TASK MATERIAL:
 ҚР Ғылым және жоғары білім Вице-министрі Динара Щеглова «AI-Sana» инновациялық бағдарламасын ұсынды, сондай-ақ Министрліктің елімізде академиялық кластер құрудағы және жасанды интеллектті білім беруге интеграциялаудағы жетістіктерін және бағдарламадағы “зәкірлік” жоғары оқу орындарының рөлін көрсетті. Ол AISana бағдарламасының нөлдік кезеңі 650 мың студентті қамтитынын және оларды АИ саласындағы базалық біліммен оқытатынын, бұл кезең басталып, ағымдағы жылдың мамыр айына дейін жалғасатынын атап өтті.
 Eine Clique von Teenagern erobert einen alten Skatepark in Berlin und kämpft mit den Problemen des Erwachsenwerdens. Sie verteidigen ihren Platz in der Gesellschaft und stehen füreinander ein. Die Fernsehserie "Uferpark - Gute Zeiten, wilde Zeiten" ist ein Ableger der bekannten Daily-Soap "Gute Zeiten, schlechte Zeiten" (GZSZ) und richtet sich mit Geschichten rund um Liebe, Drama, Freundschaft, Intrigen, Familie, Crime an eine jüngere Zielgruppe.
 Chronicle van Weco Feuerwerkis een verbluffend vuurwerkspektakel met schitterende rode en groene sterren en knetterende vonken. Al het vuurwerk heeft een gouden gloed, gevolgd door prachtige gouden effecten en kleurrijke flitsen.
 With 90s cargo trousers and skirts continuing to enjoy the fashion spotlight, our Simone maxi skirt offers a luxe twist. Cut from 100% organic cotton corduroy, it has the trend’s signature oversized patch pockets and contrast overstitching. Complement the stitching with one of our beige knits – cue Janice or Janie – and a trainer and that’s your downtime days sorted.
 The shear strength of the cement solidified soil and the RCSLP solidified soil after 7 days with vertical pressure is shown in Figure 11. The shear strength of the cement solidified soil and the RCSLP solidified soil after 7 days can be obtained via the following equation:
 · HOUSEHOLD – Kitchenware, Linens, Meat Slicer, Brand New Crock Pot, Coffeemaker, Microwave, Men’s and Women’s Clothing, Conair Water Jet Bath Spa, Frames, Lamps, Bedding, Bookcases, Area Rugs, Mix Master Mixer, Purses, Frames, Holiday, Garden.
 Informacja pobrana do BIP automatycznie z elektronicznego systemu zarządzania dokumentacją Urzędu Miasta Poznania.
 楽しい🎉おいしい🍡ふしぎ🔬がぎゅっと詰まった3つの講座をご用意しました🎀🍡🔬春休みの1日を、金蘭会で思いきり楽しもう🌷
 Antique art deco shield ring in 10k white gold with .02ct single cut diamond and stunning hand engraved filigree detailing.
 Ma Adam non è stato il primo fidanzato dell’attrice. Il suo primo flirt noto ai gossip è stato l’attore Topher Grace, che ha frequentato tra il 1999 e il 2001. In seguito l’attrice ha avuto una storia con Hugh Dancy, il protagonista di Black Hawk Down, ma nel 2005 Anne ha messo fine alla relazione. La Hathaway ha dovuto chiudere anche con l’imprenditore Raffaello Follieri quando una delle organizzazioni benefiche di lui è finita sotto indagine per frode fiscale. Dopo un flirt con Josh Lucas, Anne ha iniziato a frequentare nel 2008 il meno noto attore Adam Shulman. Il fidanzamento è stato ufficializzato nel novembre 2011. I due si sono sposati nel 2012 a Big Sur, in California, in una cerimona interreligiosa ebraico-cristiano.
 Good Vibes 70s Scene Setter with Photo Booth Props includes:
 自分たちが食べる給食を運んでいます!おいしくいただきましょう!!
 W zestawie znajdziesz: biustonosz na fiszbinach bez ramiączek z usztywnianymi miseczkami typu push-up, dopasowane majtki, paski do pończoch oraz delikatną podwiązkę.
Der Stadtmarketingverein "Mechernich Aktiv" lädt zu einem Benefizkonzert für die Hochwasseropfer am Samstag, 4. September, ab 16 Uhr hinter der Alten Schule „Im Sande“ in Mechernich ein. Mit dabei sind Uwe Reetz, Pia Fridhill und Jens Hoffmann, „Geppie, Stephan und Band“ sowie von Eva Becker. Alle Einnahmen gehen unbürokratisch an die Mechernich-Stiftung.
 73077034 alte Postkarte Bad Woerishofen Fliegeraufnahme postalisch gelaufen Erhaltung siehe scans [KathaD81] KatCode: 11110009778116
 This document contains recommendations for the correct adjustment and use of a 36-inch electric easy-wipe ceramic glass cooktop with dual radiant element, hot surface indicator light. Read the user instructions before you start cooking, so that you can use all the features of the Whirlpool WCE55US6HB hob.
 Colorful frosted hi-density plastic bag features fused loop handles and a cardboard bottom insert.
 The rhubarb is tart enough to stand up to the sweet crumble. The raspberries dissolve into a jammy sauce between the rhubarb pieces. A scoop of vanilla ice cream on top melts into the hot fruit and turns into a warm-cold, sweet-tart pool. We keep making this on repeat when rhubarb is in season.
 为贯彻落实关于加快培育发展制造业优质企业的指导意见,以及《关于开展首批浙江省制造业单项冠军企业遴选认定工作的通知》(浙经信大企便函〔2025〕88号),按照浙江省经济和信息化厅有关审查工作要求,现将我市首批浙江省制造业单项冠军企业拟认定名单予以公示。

TASK OBJECTIVE: Look through the records and gather every line containing "with".

WRITTEN SOLUTION:
 With 90s cargo trousers and skirts continuing to enjoy the fashion spotlight, our Simone maxi skirt offers a luxe twist. Cut from 100% organic cotton corduroy, it has the trend’s signature oversized patch pockets and contrast overstitching. Complement the stitching with one of our beige knits – cue Janice or Janie – and a trainer and that’s your downtime days sorted.
 The shear strength of the cement solidified soil and the RCSLP solidified soil after 7 days with vertical pressure is shown in Figure 11. The shear strength of the cement solidified soil and the RCSLP solidified soil after 7 days can be obtained via the following equation:
 Antique art deco shield ring in 10k white gold with .02ct single cut diamond and stunning hand engraved filigree detailing.
 Good Vibes 70s Scene Setter with Photo Booth Props includes:
 This document contains recommendations for the correct adjustment and use of a 36-inch electric easy-wipe ceramic glass cooktop with dual radiant element, hot surface indicator light. Read the user instructions before you start cooking, so that you can use all the features of the Whirlpool WCE55US6HB hob.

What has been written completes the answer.